Randomise Rest() duration!

Hi folks,

I don’t get how can I randomise the Rest() lenght in order to have random durations of silence between thoses chords:

(
~l1 = Pbindef(

	\LLL,

	\type, \midi,

	\midicmd, \noteOn,

	\midiout, ~midiout,

	\chan, 0,

	\midinote, Pseq([[60, 57, 64, 67], Rest(),  [66, 62, 69, 59], Rest()], inf),    /// the duration of the silence between thoses chords is what I want to randomise 

	\ctranspose, 0,

	\dur, Pseq([ 2, Rest(Pwhite(0.5, 2.4)) ],  inf),   /// doesn't work

	\amp, 1,

	\sustain, Pkey(\dur)  * 1

).play

)

Thanks a lot,

For now, Pwhite(0.5, 2.4).collect(Rest(_)).

There’s a long thread about this, I think on github but I forget exactly where.
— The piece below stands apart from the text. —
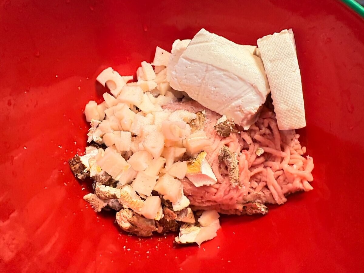 ボウルに鶏ひき肉、れんこん、干ししいたけ、塩、水切りした豆腐を入れます。
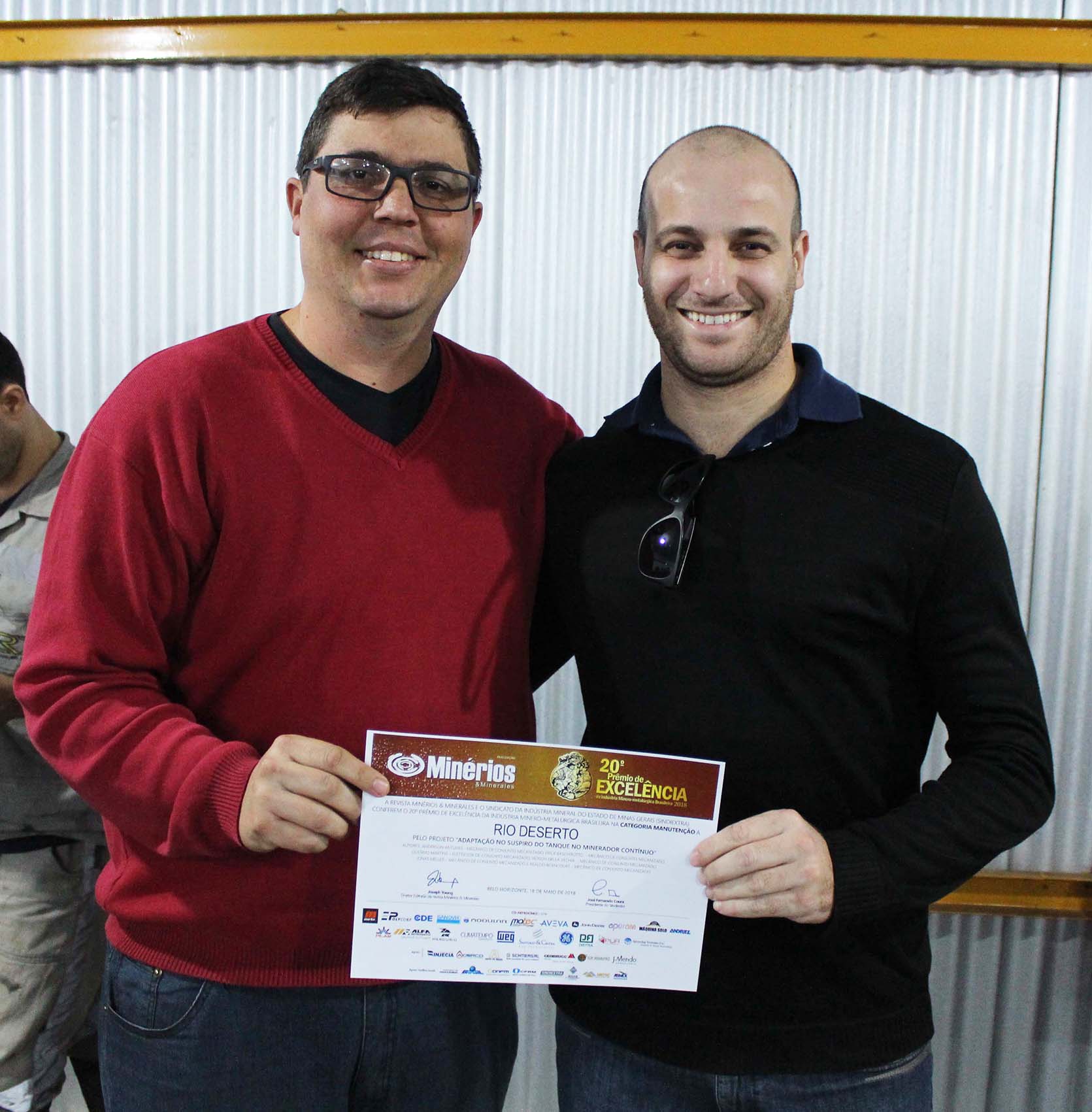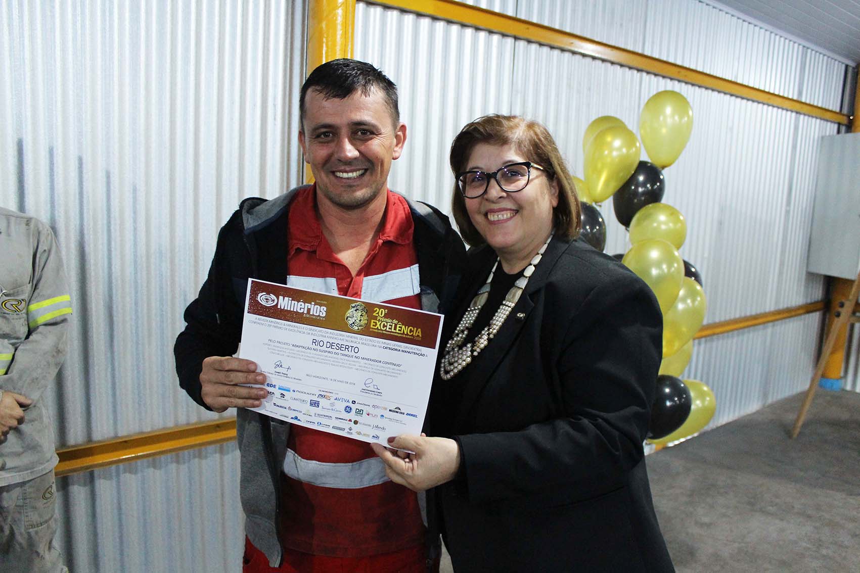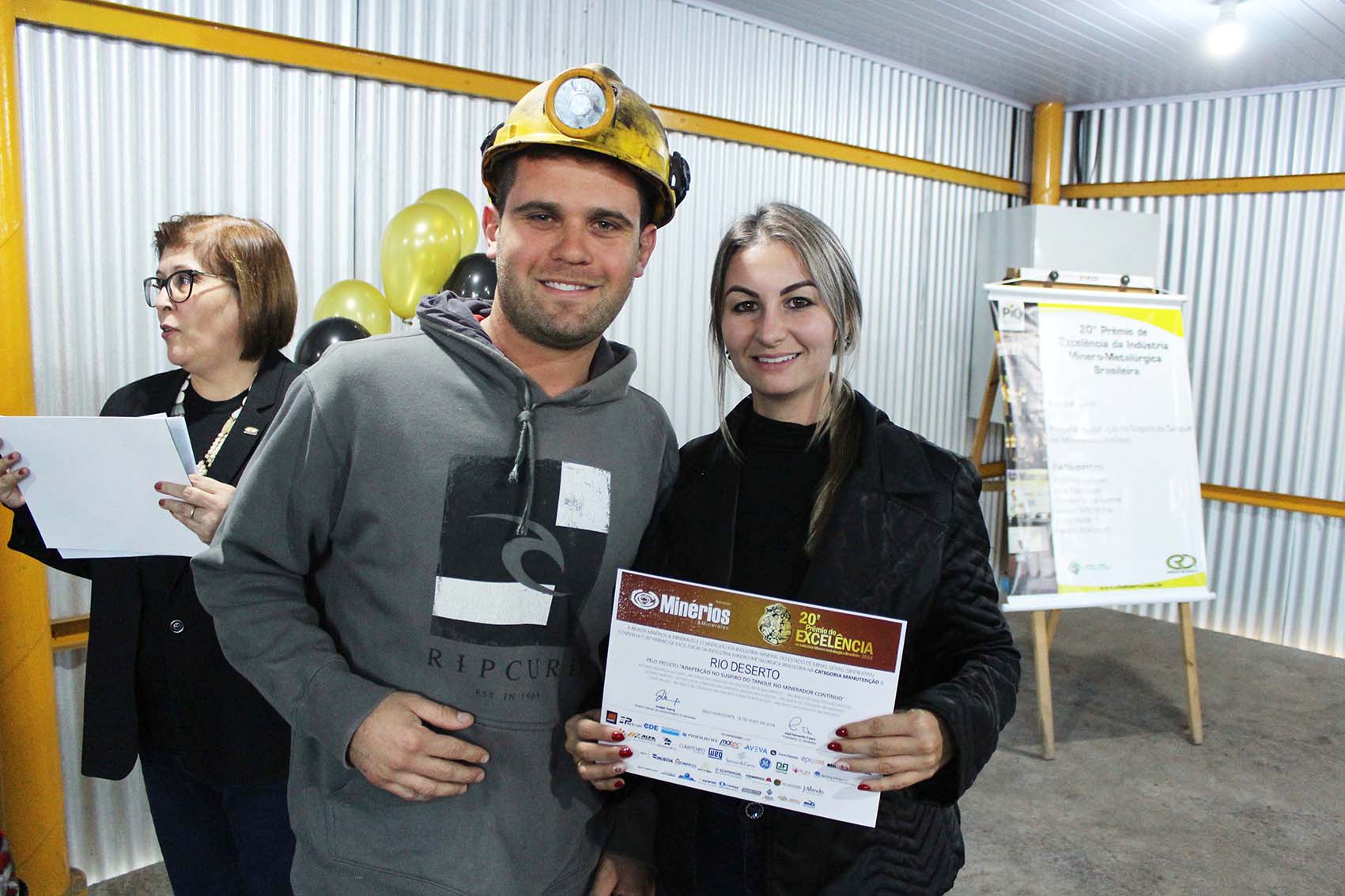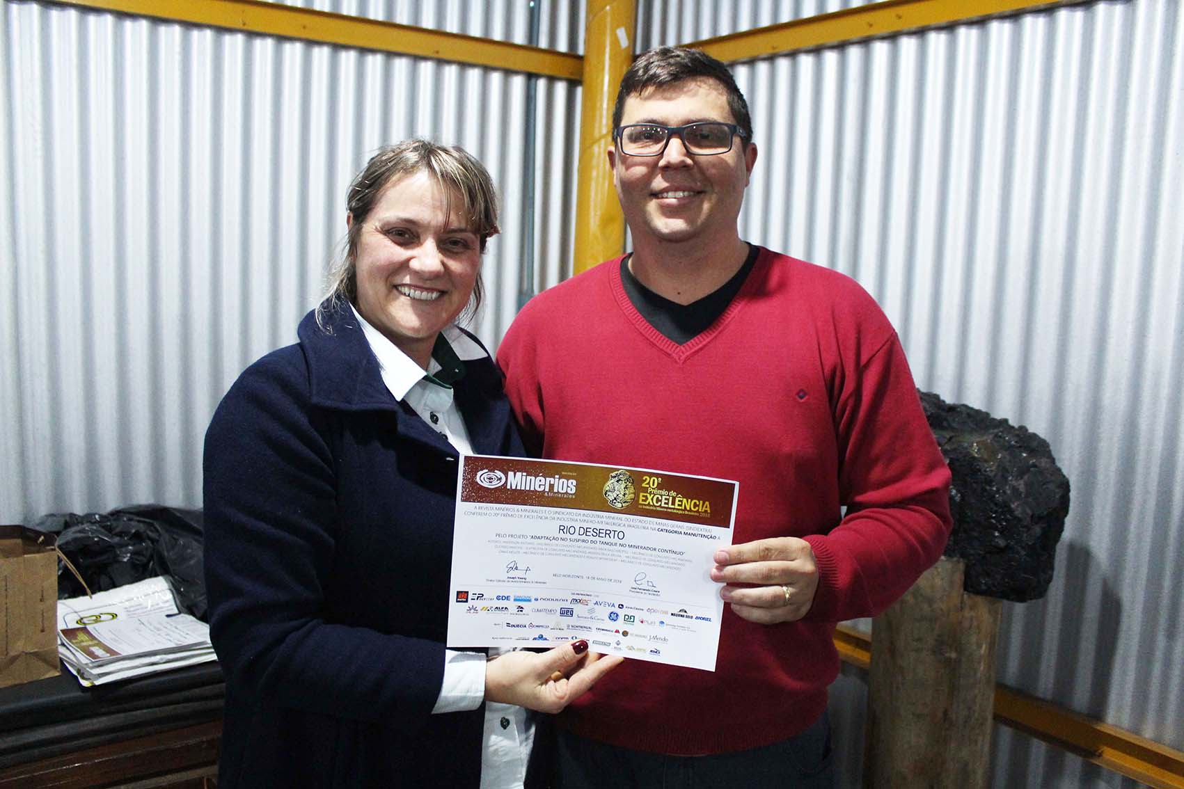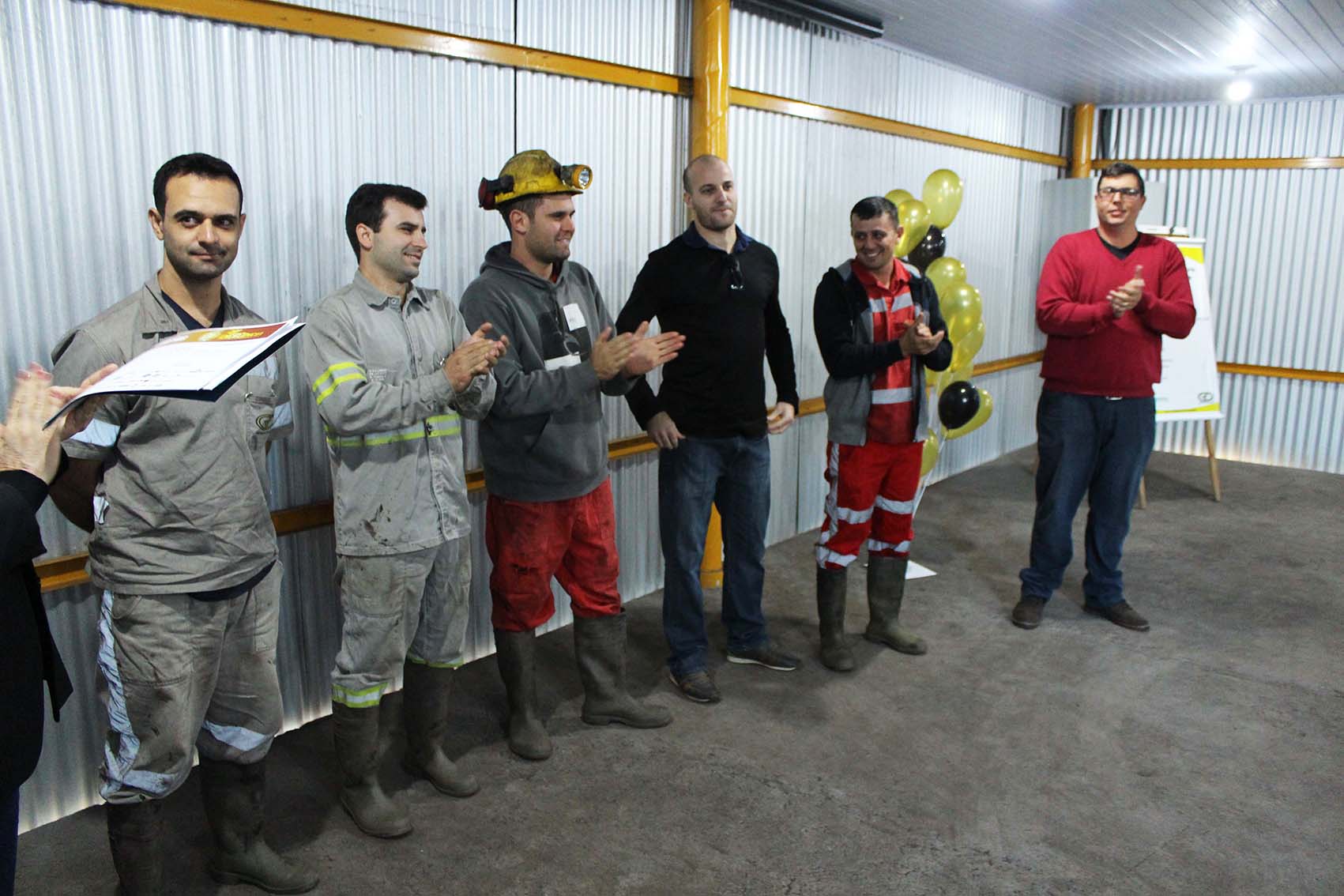O início do turno das 16 horas, na Unidade de Extração Mina 101, localizada em Içara (SC), das Empresas Rio Deserto, teve um momento especial na última terça-feira, dia 22. Na ocasião foram homenageados os colaboradores da equipe Fênix, do Programa de Inovação e Qualidade (PIQ), pela conquista de título no 20º Prêmio de Excelência da Indústria Minero-Metalúrgica Brasileira, com o projeto “Adaptação de Mangueiras no Suspiro do Tanque Minerador Contínuo”.  A premiação nacional foi entregue durante evento realizado em Belo Horizonte (MG), no último dia 15 de maio.

I proposed a way to make Rest work in the way that you’re expecting, but that would break the ideal of statelessness for patterns, so then it was suggested to add a method to convert a pattern’s output to rests, e.g., pattern.rest – which, two issues, 1/ then rest(pattern) would work, but not Rest(pattern) and that would confuse people, and 2/ it can’t be a simple filter pattern because normally you wouldn’t embed a long stream of rests.

So it turns out not to be a simple issue to design.

hjh

I got it, great, thanks James.

Correction : I got it on the principle but unfortunatly it doesn’t work, as you can see with this simple example (the silence should be super short)


(
SynthDef(\SINE, { | freq = 440, sustain = 1 |
	
	
	var sig = SinOsc.ar(freq);
	
	var env = EnvGen.kr(Env([0, 1, 1, 0], [0.05, sustain, 0.05], \lin), doneAction:2);
	
	Out.ar(0, sig * env * 0.1 !2);
	
	
}).add;
)


(
	Pbind(
	
	\instrument, \SINE,

	\freq, Pseq([[60, 57, 64, 67], Rest(),  [66, 62, 69, 59], Rest()], inf).midicps,

	\dur, Pseq([Pwhite(2, 3), Pwhite(0.05, 0.02).collect(Rest(_))], inf),

	\sustain, Pkey(\dur)  * 1,
).play;
)

Ok got it both Pwhite should have a single numer of repetition

\dur, Pseq([Pwhite(2, 3, 1), Pwhite(0.05, 0.02, 1).collect(Rest(_))], inf),

As an alternative you can use the legato key:

(
x =	Pbind(
	
	\instrument, \SINE,

	\freq, Pseq([[60, 57, 64, 67], [66, 62, 69, 59]], inf).midicps,

	\dur, Pwhite(2.0, 3.0),
	
	\legato, Pwhite(0.7, 0.95),

).play;
)

x.stop;

or if you need the rests (e.g. to calculate other values not being sent to the server):

(
x =	Pbind(
	
	\instrument, \SINE,

	\freq, Pseq([[60, 57, 64, 67], \rest, [66, 62, 69, 59], \rest], inf).midicps,

	\dur, Pseq([Pwhite(2.0, 3.0, 1), Pwhite(0.05, 0.1, 1)], inf),

).play;
)

x.stop

I’ve found the most elegant solution to be Pwhite(0.1,1.0) * Rest()

3 Likes

That’s exactly the problem I hinted at: “it can’t be a simple filter pattern because normally you wouldn’t embed a long stream of rests.”

I did make a proposal at one point where Rest would automatically make a stream for its argument, and then, when it’s embedded in an output stream, it would dole out one value and return control back to the parent stream. This would have done what you expected in your initial example. That’s problematic in this case though:

// note: this isn't supported in SC currently!
// if you try to run it, you won't get a sensible result.
// this is just to illustrate a scenario where
// a seemingly intuitive Rest behavior becomes un-intuitive

p = Pseq([Pn(1, 3), Rest(Pseries(0, 0.25, inf))], inf);

q = p.asStream;
r = p.asStream;

Here, you would expect the q and r streams to be completely independent – but if Rest “auto-streamifies” internally, then there’s one Rest object = one stream, shared between the two parent streams.

There’s no good solution to this… which is why we never put in that behavior.